I have included a new simpler 64-bit version based on work by Kendall Willets, this time assuming that the compiler supports C++20:
int alternative_digit_count_two_tables(uint64_t x) { static int digits[65] = {19, 19, 19, 19, 18, 18, 18, 17, 17, 17, 16, 16, 16, 16, 15, 15, 15, 14, 14, 14, 13, 13, 13, 13, 12, 12, 12, 11, 11, 11, 10, 10, 10, 10, 9, 9, 9, 8, 8, 8, 7, 7, 7, 7, 6, 6, 6, 5, 5, 5, 4, 4, 4, 4, 3, 3, 3, 2, 2, 2, 1, 1, 1, 1, 1}; static uint64_t table[65] = {18446744073709551615ULL, 18446744073709551615ULL, 18446744073709551615ULL, 18446744073709551615ULL, 999999999999999999ULL, 999999999999999999ULL, 999999999999999999ULL, 99999999999999999ULL, 99999999999999999ULL, 99999999999999999ULL, 9999999999999999ULL, 9999999999999999ULL, 9999999999999999ULL, 9999999999999999ULL, 999999999999999ULL, 999999999999999ULL, 999999999999999ULL, 99999999999999ULL, 99999999999999ULL, 99999999999999ULL, 9999999999999ULL, 9999999999999ULL, 9999999999999ULL, 9999999999999ULL, 999999999999ULL, 999999999999ULL, 999999999999ULL, 99999999999ULL, 99999999999ULL, 99999999999ULL, 9999999999ULL, 9999999999ULL, 9999999999ULL, 9999999999ULL, 999999999ULL, 999999999ULL, 999999999ULL, 99999999ULL, 99999999ULL, 99999999ULL, 9999999ULL, 9999999ULL, 9999999ULL, 9999999ULL, 999999ULL, 999999ULL, 999999ULL, 99999ULL, 99999ULL, 99999ULL, 9999ULL, 9999ULL, 9999ULL, 9999ULL, 999ULL, 999ULL, 999ULL, 99ULL, 99ULL, 99ULL, 9ULL, 9ULL, 9ULL, 9ULL, 0ULL}; int log = std::countl_zero(x); uint64_t low = table[log]; uint64_t high = digits[log]; return (x > low) + high; }
What we want to know is which functions are fast?

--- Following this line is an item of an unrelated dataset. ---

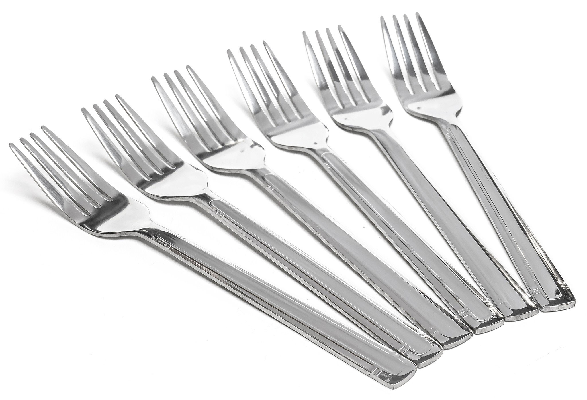 Виделки мають дзеркальне полірування, яке додає елегантності та робить їх ідеальними для будь-яких нагод – від звичайних сімейних обідів до святкових застіль. Завдяки зручним ручкам, виконаним з нержавіючої сталі, ви зможете насолоджуватися комфортом під час кожного прийому їжі.

To test it out, I generate thousands of random integers and I just sum up their digit counts. I record the number of instructions per integer:
| Apple M2/LLVM 16 | Intel Ice Lake/GCC 12 | |
| conventional (64-bit) | 16 instructions | 20 instructions |
| alternative (64-bit) | 15 instructions | 19 instructions |
| simpler alternative (64-bit) | 12 instructions | 15 instructions |
| conventional (32-bit) | 16 instructions | 19 instructions |
| alternative (32-bit) | 12 instructions | 16 instructions |
In the 32-bit case, the alternative approach saves you 3 or 4 instructions per integer. But in the 64-bit case, the saving appears to be just one instruction which is not necessarily worth it. However, the simpler alternative in the 64-bit case uses significantly fewer instructions.
Next, let us report the number of CPU cycles per integer. I run the tests four times, and I get some variation on one of the tests (Apple platform, 32-bit alternative).
| Apple M2/LLVM 16 | Intel Ice Lake/GCC 12 | |
| conventional (64-bit) | 2.2 cycles | 5.1 cycles |
| alternative (64-bit) | 4.3 cycles | 6.6 cycles |
| simpler alternative (64-bit) | 4.8 cycles | 4.5 cycles |
| conventional (32-bit) | 2.3 cycles | 5.6 cycles |
| alternative (32-bit) | 2.0 to 4.8 cycles | 6.2 cycles |
My timings suggest that the conventional (and simpler approach) may use more instructions but could still be preferable in practice. It is especially true in the 64-bit case where the alternative approach is significantly more complicated, and much slower in my tests. The simpler alternative in the 64-bit case is the fastest on the x64 system (Ice Lake) but slower on the ARM system.
You should run your own benchmark for your own use case. However, I believe that all these functions might be fast enough. Which one you pick might come down to personal preferences.